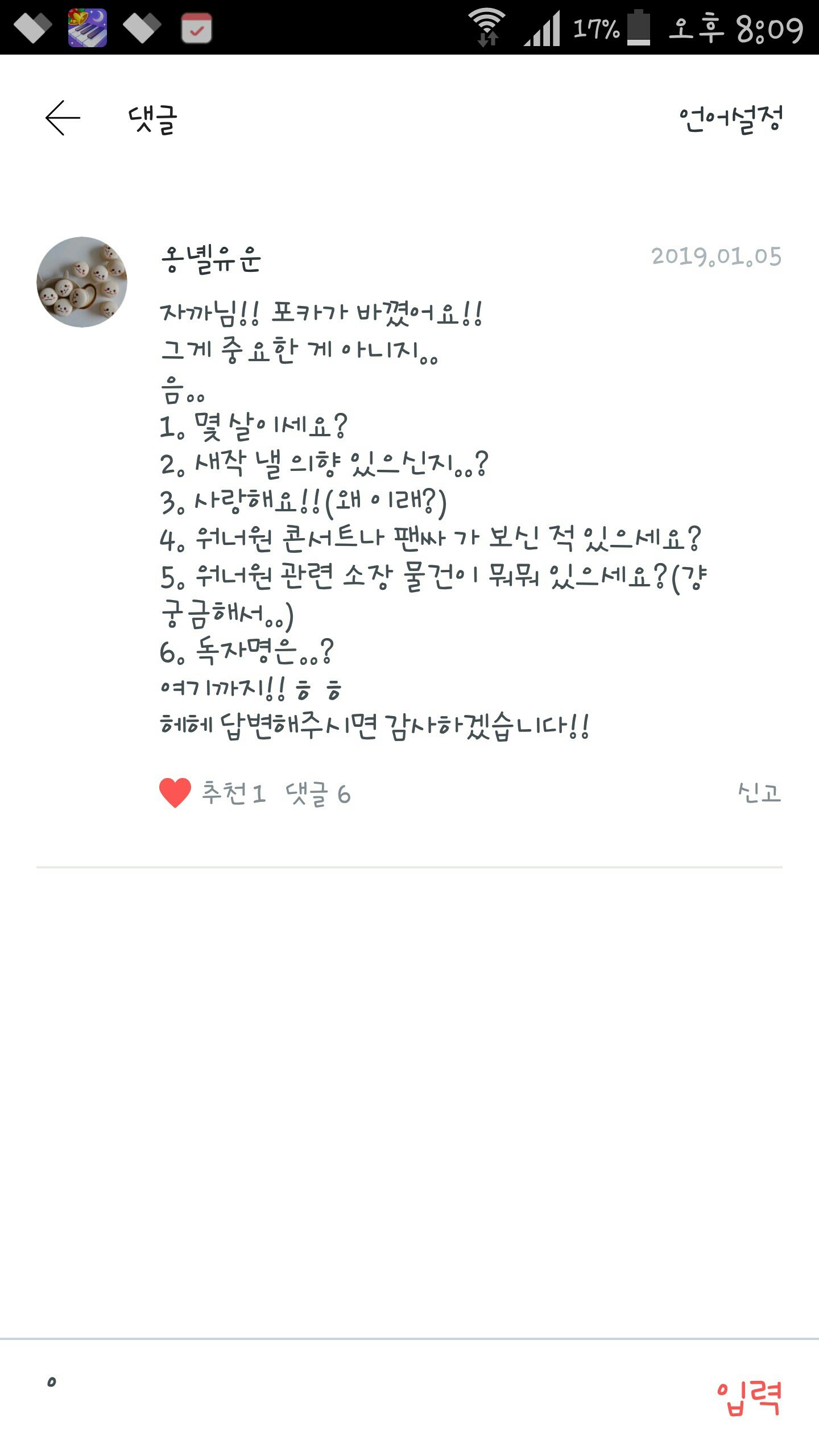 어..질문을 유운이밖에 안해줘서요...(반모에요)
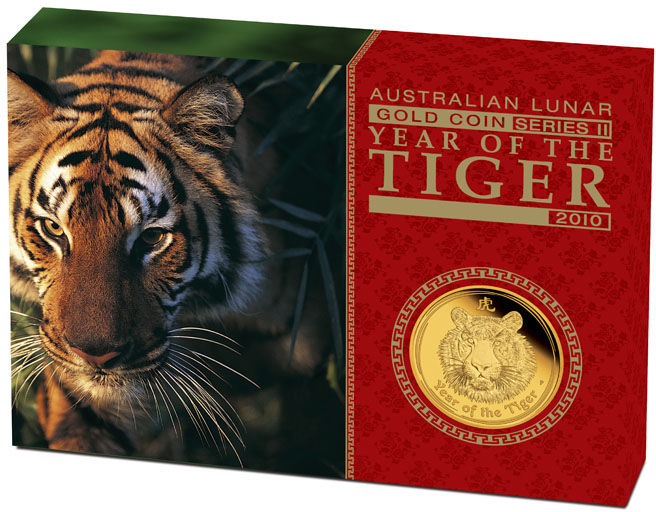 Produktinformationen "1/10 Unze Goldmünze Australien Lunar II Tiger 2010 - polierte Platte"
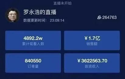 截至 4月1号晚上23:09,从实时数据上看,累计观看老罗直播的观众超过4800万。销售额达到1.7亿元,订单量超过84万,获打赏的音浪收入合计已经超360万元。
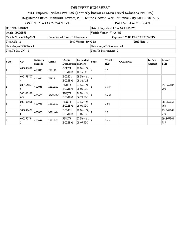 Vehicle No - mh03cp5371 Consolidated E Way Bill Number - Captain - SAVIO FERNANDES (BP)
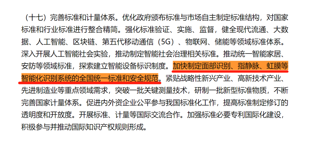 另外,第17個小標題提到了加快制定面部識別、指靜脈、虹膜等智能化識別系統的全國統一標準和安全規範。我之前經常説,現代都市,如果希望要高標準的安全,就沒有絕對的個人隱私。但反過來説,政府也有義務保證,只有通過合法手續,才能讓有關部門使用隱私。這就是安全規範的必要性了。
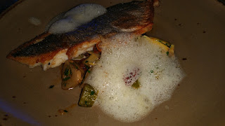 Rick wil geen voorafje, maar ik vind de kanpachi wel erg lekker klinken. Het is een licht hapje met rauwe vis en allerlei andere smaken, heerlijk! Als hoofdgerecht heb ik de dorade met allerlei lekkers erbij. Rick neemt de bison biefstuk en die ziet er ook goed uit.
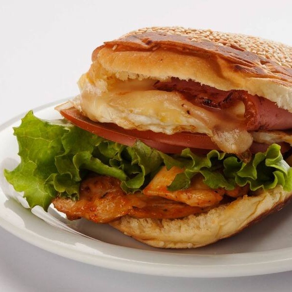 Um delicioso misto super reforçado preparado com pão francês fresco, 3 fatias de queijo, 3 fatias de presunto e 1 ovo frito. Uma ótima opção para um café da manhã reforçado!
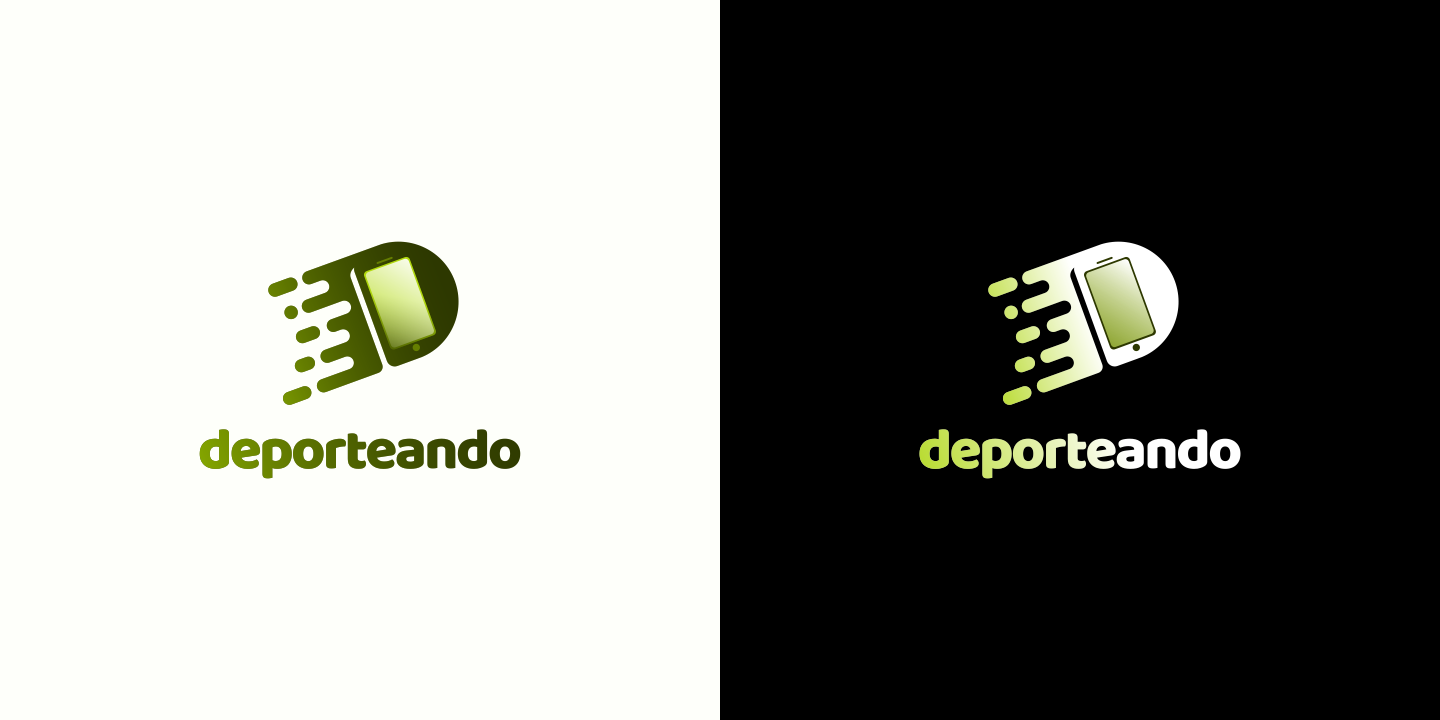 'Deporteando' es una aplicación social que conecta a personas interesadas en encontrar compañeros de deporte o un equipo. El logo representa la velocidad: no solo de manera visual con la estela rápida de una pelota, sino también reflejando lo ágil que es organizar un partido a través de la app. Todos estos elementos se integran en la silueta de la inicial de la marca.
◆ ◆ ◆ ◆ ◆
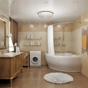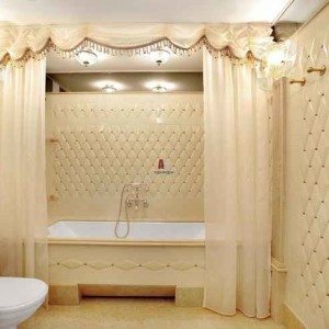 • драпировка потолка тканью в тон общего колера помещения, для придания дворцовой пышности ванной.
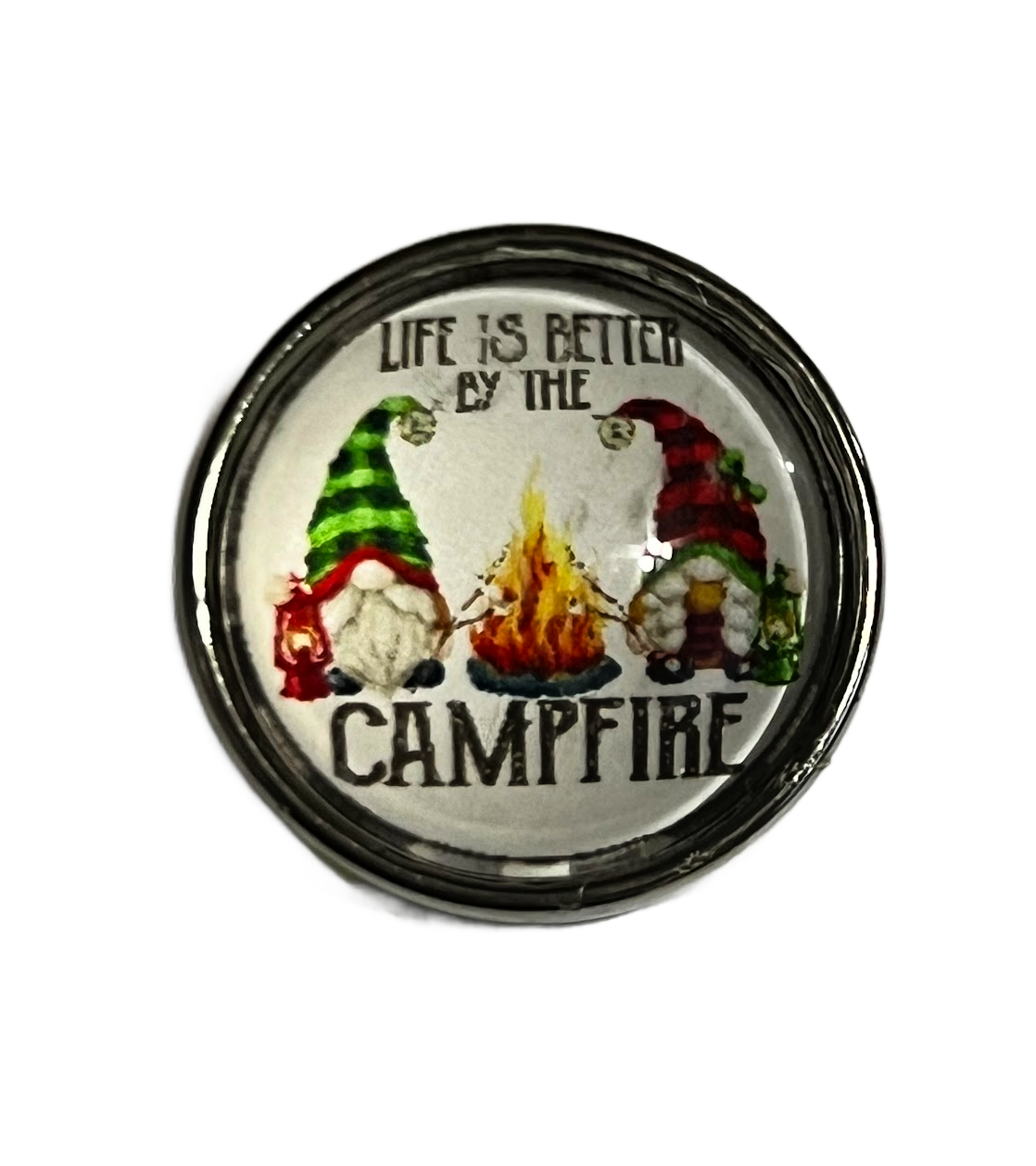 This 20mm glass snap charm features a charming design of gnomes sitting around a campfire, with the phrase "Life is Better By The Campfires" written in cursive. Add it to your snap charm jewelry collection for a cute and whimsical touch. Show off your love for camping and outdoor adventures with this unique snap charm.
◆ ◆ ◆ ◆ ◆
▶ **Activity**: Leave out the images and write out the lines above exactly, from the one with "Rick wil geen" up to and including the one with "Um delicioso misto".

▶ **Task answer**:
 Rick wil geen voorafje, maar ik vind de kanpachi wel erg lekker klinken. Het is een licht hapje met rauwe vis en allerlei andere smaken, heerlijk! Als hoofdgerecht heb ik de dorade met allerlei lekkers erbij. Rick neemt de bison biefstuk en die ziet er ook goed uit.
 Um delicioso misto super reforçado preparado com pão francês fresco, 3 fatias de queijo, 3 fatias de presunto e 1 ovo frito. Uma ótima opção para um café da manhã reforçado!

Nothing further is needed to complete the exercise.